Male | Female | |||||||
---|---|---|---|---|---|---|---|---|
Crude | Multivariate | Crude | Multivariate | |||||
aOR | (95% CI) | aOR | (95% CI) | aOR | (95% CI) | aOR | (95% CI) | |
Most trusted information source on vaccination | ||||||||
Health care workers | 1.00 | - | 1.00 | - | 1.00 | - | 1.00 | - |
Information from the government | 0.32 | (0.17-0.58)* | 0.33 | (0.18-0.59)* | 0.40 | (0.20-0.75)* | 0.39 | (0.20-0.74)* |
Family | 1.15 | (0.85-1.51) | 1.18 | (0.87-1.55) | 1.55 | (1.20-1.93)* | 1.60 | (1.23-1.99)* |
Friends | 1.94 | (1.22-2.57)* | 1.96 | (1.24-2.60)* | 1.80 | (1.13-2.51)* | 1.80 | (1.11-2.51)* |
Television | 1.39 | (1.01-1.80)* | 1.36 | (0.99-1.78) | 0.95 | (0.60-1.41) | 0.91 | (0.56-1.37) |
Newspapers | 1.23 | (0.74-1.82) | 1.23 | (0.74-1.83) | 1.61 | (1.07-2.18)* | 1.56 | (1.03-2.15)* |
The Internet | 1.66 | (1.12-2.21)* | 1.67 | (1.12-2.22)* | 2.25 | (1.65-2.77)* | 2.19 | (1.58-2.73)* |
Books | 2.52 | (1.65-3.04)* | 2.53 | (1.67-3.05)* | 2.91 | (2.09-3.37)* | 2.99 | (2.19-3.40)* |
None of the above | 2.16 | (1.94-2.36)* | 2.14 | (1.92-2.35)* | 2.36 | (2.12-2.58)* | 2.38 | (2.13-2.60)* |
General health condition | ||||||||
Good health | 1.00 | - | 1.00 | - | 1.00 | - | 1.00 | - |
Relatively good health | 1.09 | (0.90-1.31) | 1.09 | (0.89-1.32) | 1.19 | (1.02-1.38)* | 1.24 | (1.02-1.47)* |
Relatively poor health | 1.46 | (1.17-1.76)* | 1.37 | (1.07-1.69)* | 1.60 | (1.29-1.93)* | 1.55 | (1.22-1.90)* |
Poor health | 1.33 | (0.92-1.79) | 1.24 | (0.82-1.74) | 1.90 | (1.36-2.42)* | 2.10 | (1.41-2.63)* |
Smoking status | ||||||||
Never smoked | 1.00 | - | 1.00 | - | 1.00 | - | 1.00 | - |
Ex-Smoker | 0.97 | (0.75-1.24) | 0.94 | (0.71-1.22) | 0.95 | (0.76-1.12) | 0.93 | (0.71-1.19) |
Current smoker | 1.45 | (1.11-1.86)* | 1.31 | (0.97-1.74) | 1.02 | (0.82-1.26) | 0.96 | (0.75-1.22) |
aOR: adjusted Odds Ratio by Zhang’s formula; CI: Confidence Interval; *p<0.05.
With regard to educational level among females, univariate logistic regression suggested that having a university level or higher education was important when compared to those with high school or lower education (aOR: 0.77; 95% CI: 0.60-0.99); although this relationship disappeared when an adjusted model was used (aOR: 0.92; 95% CI: 0.70-1.20).
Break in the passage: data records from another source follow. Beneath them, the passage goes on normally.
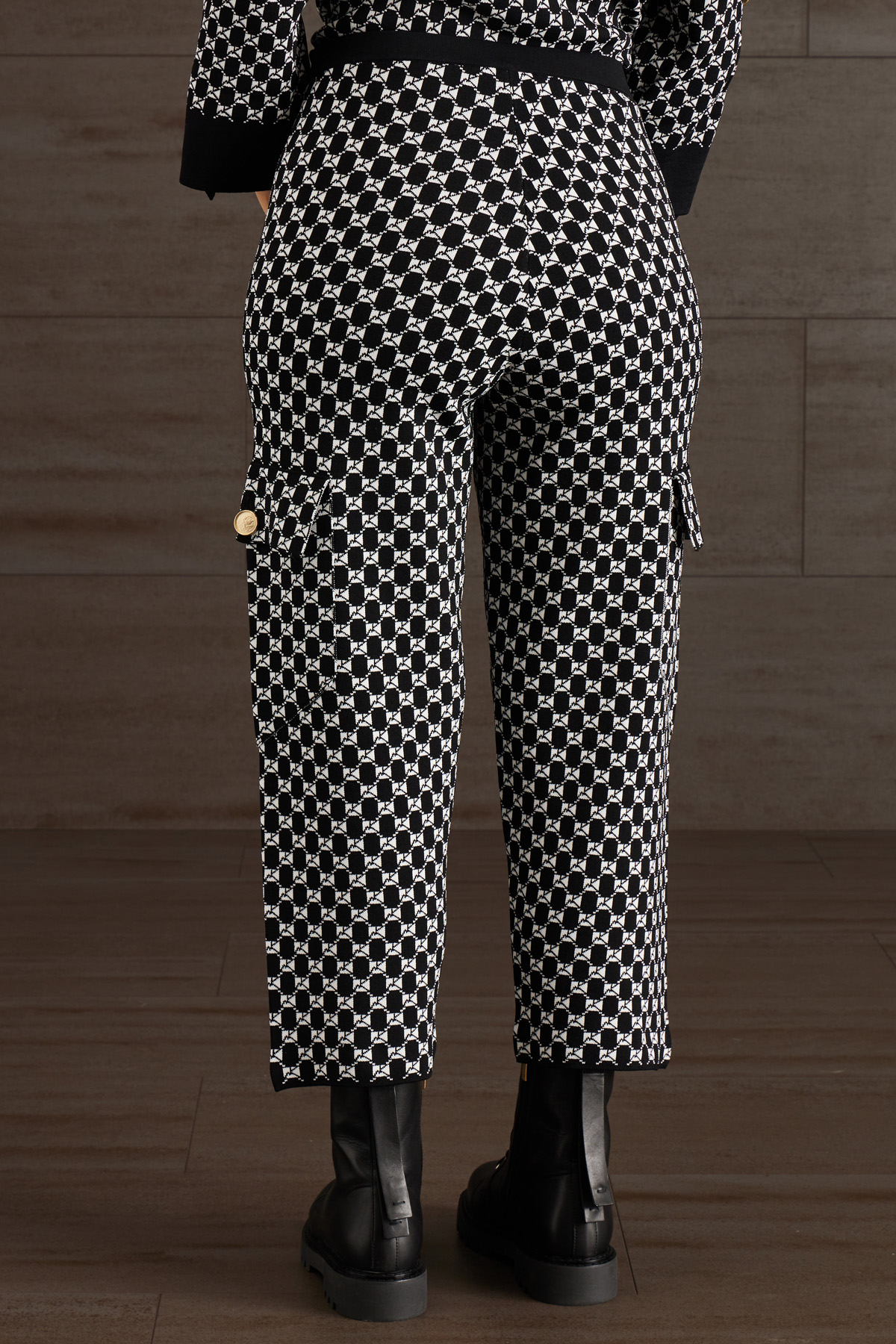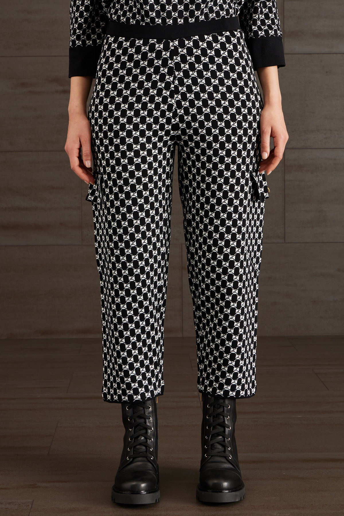 Pantaloni cropped dalla linea dritta realizzati in maglia jacquard di misto viscosa stretch, con cintone in vita, tasche applicate con patta e bottone sulla lunghezza.
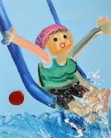 <일몰>, < Night pool> 등의 작품에서는 방과 후에 아이와 함께 바닷가에서 수영하는 즐거움을 표현하고 있다.
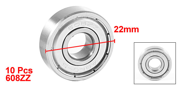 Product Name Deep Groove Ball Bearing Model 608ZZ Materal Metal Outer Diameter 22mm/ 0.8" Inner Diameter 8mm/ 0.3" Width 7mm/ 0.26" Main Color Silver Tone Weight 110g Package Content 10 x Deep Groove Ball Bearing - Reviews
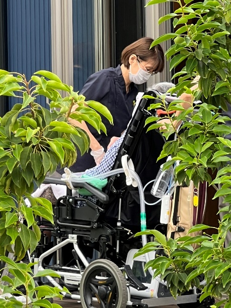今はゆったりとした表情で車椅子に乗られています。
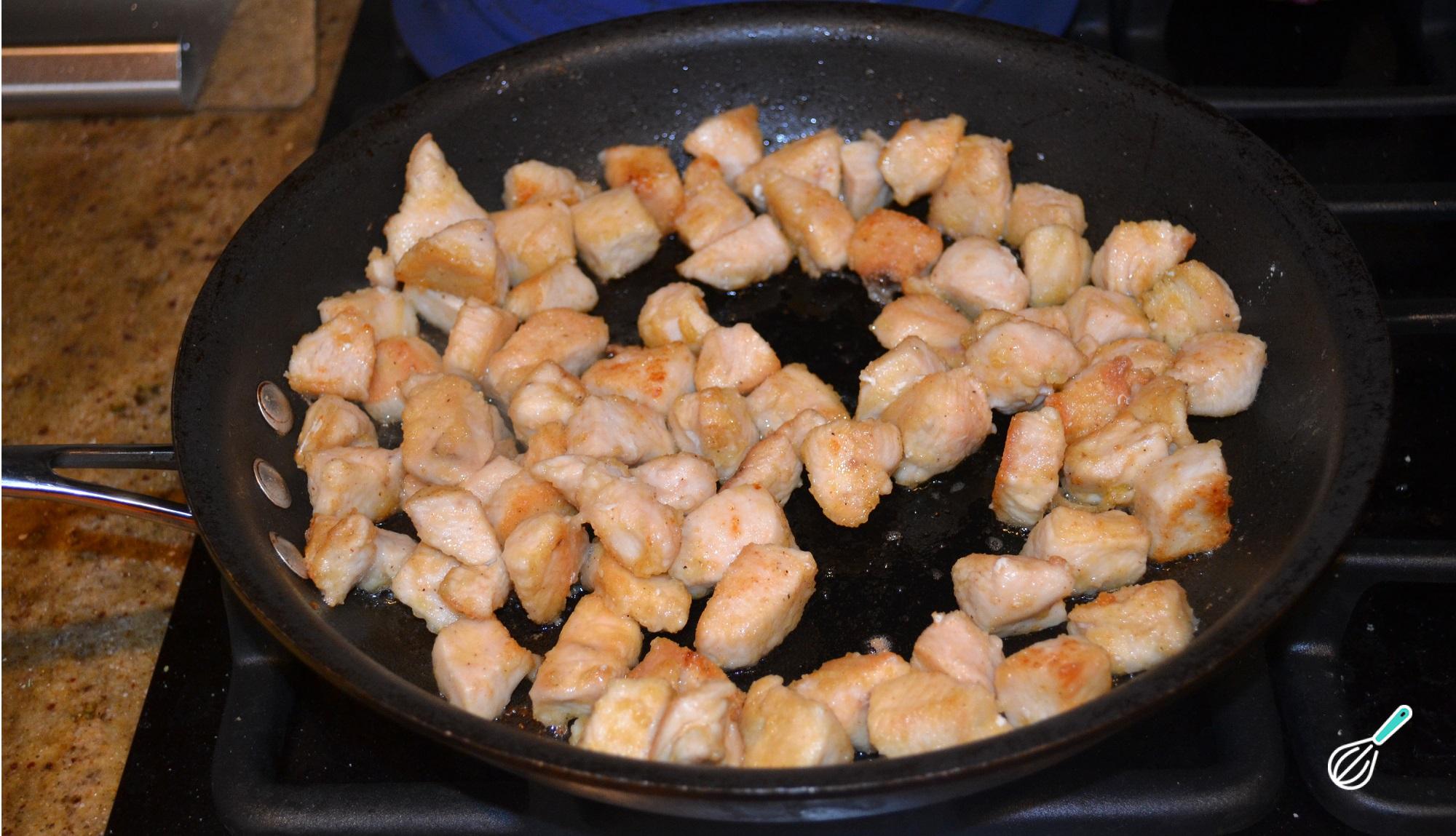 Leve ao fogo médio-baixo uma frigideira grande com o azeite e, quando estiver quente, adicione o frango. Deixe cozinhar por 10-15 minutos, mexendo de vez em quando, até ficar douradinho.
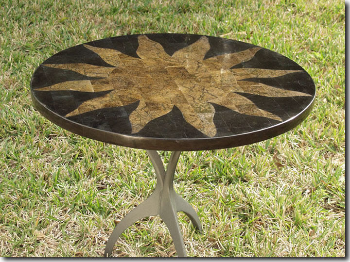 The Aztec Sun Table Top comes in 24" round, 30" round, 48" round, 25"x38" oval, 44"x74" oval, 44"x84" oval, and 38" x 108" oval sizes. Photos of all top sizes are available upon request. Click HERE to see the Aztec Sun Oval Top. Other sizes are available by special order, contact us. All sizes of Atelier stone tops are a generous 1-1/4" thick. All tops are fully finished in smooth highly polished stone - no rough stones, rough edges, or grout lines. Bottoms are fully finished in smooth stone to 1-1/2" from edge - no rough surface to touch. Atelier tops fasten to any type of table base with standard stainless wood screws. (table bases shown are generic and not for sale) |

For males, educational level was not associated with mistrust of the government’s vaccination recommendation during regression analysis.
Discussion
This study provides an important insight into public attitudes towards official Japanese government vaccination recommendations for one of the first times. Our investigation has also demonstrated some potential associations between the most trusted information sources for vaccination and the general health status of the working-age population in this country. Among them, approximately one-quarter of respondents stated that they did not trust the Japanese government’s recommendations on vaccination. The relationship between mistrust and subsequent vaccination status are multifactorial and complicated however, and it is important to note that mistrust against governmental recommendations does not necessarily lead to a lack of vaccine uptake.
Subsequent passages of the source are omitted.